完全に見下した目をしている。俺が同じ目を向けられるようになったら、終わりだろうな。気をつけておかないと。
「ミリアさんは、平和のために頑張ってる。それを邪魔するのなら、私は許さないよ」
ルイズはいつもの笑顔ではなく、ゴミを見るような目で貴族たちを見ていた。きっと、ルイズにとっては平和を乱す姿そのものだったのだろう。おそらくは、貴族たちの未来は良くないことになる。それでも、俺はこの場で止める気にはならなかった。
「活躍していなかったというのなら、お前達も同じではないか!」
「その通りだ! どの口で文句を!」
「恥を知れと言ったはずだ。お前達は、いつまで他人のせいにし続けるつもりだ?」
周囲を見回しながら言うと、貴族たちは再び黙り込む。周囲を見回すユフィアは、微笑みながら俺に向けて話しかけてくる。
「では、どのような罰を与えますか? 殿下の言葉を無視したのですから、相応の対応が必要でしょう」
あまり苛烈な選択をすれば、周囲に敵が増えるだろう。機嫌を損ねただけで破滅するとなれば、好意を持たれるはずもないのだから。
それでも、ただ会議を妨害するだけの存在をのさばらせる理由はない。そこまで考えて、量刑を決めた。
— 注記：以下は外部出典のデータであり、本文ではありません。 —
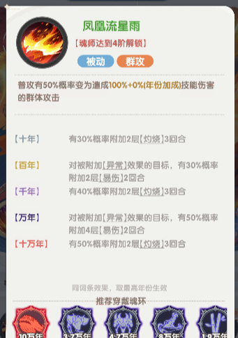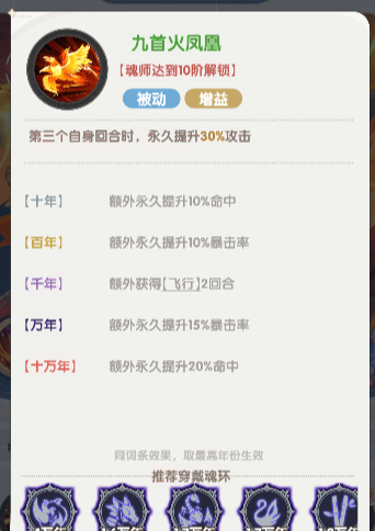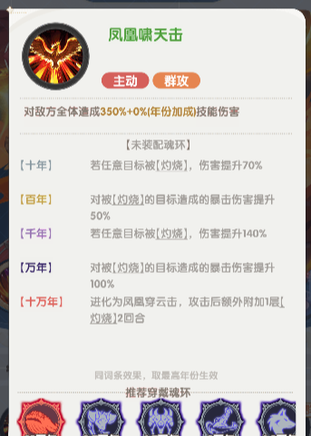 【十万年】进化为凤凰穿云击,攻击后额外附加1层【灼烧】2回合

「では、今後半年、お前達には会議への出席を禁止する。何が会議に求められているのか、しっかりと理解してもらおう」
ミリアは満足げに頷き、ユフィアは楽しそうな顔でこちらを見ていた。おおよそ、狙い通りに進んだと言えるだろう。
これからも、俺は王宮内でのバランスを取り続ける。自らの意思で権力の動きを調整できるようにとの決意を込めて、俺はまっすぐに前を見た。